No hand but mine can now perform the task. There was, indeed, a man who might have done this better than I. But he went his way in silence. I like a man who can hold his tongue.
On the corner of Clarke and Crandall Streets, in New York, stands a dingy brown frame-house. It is a very old house, as its obsolete style of structure would tell you. It has a morose, unhappy look, though once it must have been a blythe mansion. I think that houses, like human beings, ultimately become dejected or cheerful, according to their experience. The very air of some front-doors tells their history.
This house, I repeat, has a morose, unhappy look, at present, and is tenanted by an incalculable number of Irish families, while a picturesque junk-shop is in full blast in the basement; but at the time of which I write, it was a second-rate boarding-place, of the more respectable sort, and rather largely patronized by poor, but honest, literary men, tragic-actors, members of the chorus, and such like gilt people.
My apartments on Crandall Street were opposite this building, to which my attention was directed soon after taking possession of the rooms, by the discovery of the following facts:
First, that a charming lady lodged on the second-floor front, and sang like a canary every morning.
/> Second, that her name was Mary Ware
Third, that Mary Ware was a danseuse, and had two lovers – only two.

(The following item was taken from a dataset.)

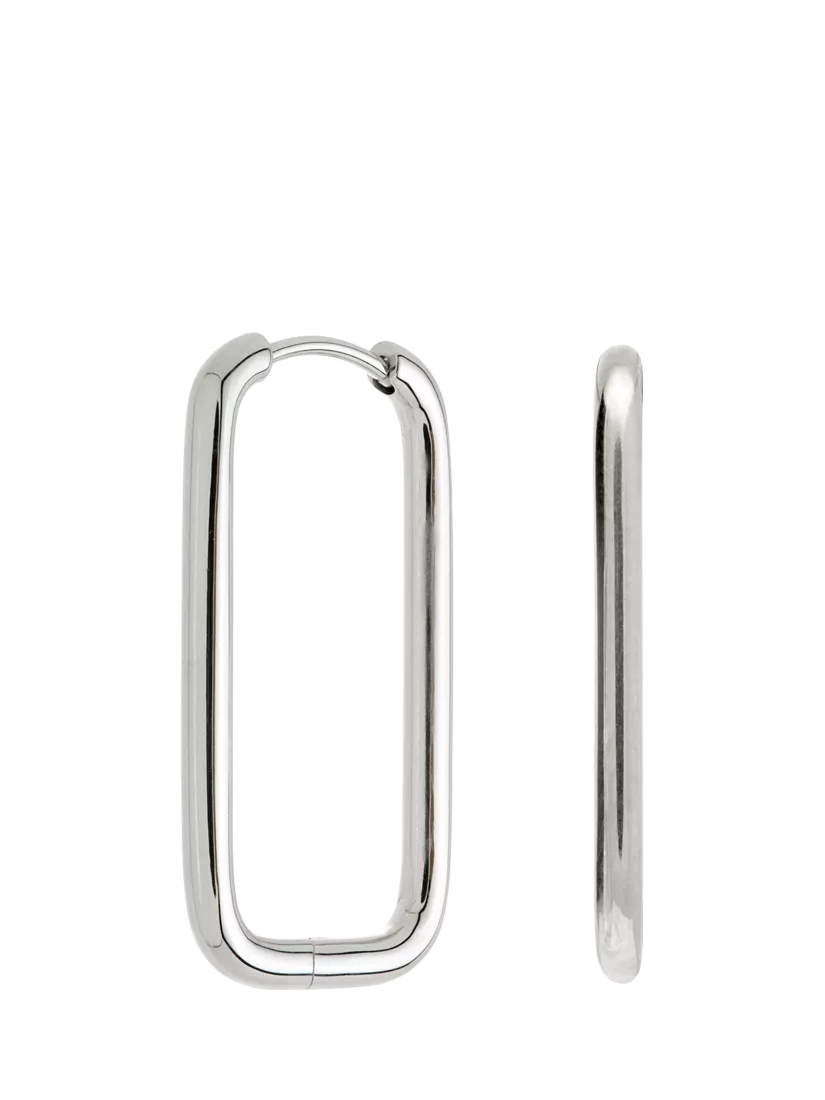 Named after Maya, the goddess of illusion, these plated Titanium Rectangle Hoop Earrings are a cubistic centrepiece for your lobes.
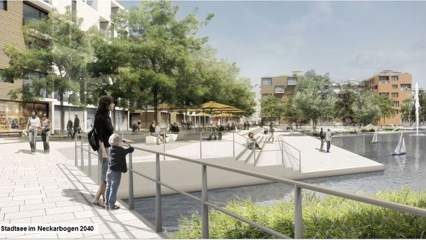 Der neue Stadtteil Neckarbogen in Heilbronn

Mary Ware was the leading lady at The Olympic. Night after night found me in the parquette. I can think of nothing with which to compare the airiness and utter abandon of her dancing. She seemed a part of the music. She was one of beauty’s best thoughts, then. Her glossy gold hair reached down to her waist, shading one of those mobile faces which remind you of Guido’s picture of Beatrix Cenci – there was something so fresh and enchanting in the mouth. Her luminous, almond eyes, looking out winningly from under their drooping fringes, were at once the delight and misery of young men.
Ah! you were distracting in your nights of triumph, when the bouquets nestled about your elastic ankles, and the kissing of your castanets made the pulses leap; but I remember when you lay on your cheerless bed, in the blank day-light, with the glory faded from your brow, and “none so poor as to do you reverence.”
Then I stooped down and kissed you – but not till then.
Mary Ware was to me a finer study than her lovers. She had two, as I have said. One of them was commonplace enough – well-made, well-dressed, shallow, flaccid. Nature, when she gets out of patience with her best works, throws off such things by the gross, instead of swearing. He was a lieutenant, in the Navy I think. The gilt button has charms to soothe the savage breast.
The other was a man of different mould, and interested me in a manner for which I could not then account. The first time I saw him did not seem like the first time. But this, perhaps, is an after-impression.
Every line of his countenance denoted character; a certain capability, I mean, but whether for good or evil was not so plain. I should have called him handsome, but for a noticeable scar which ran at right angles across his mouth, giving him a sardonic expression when he smiled.
His frame might have set an anatomist wild with delight – six feet two, deep-chested, knitted with tendons of steel. Not at all a fellow to amble on plush carpets.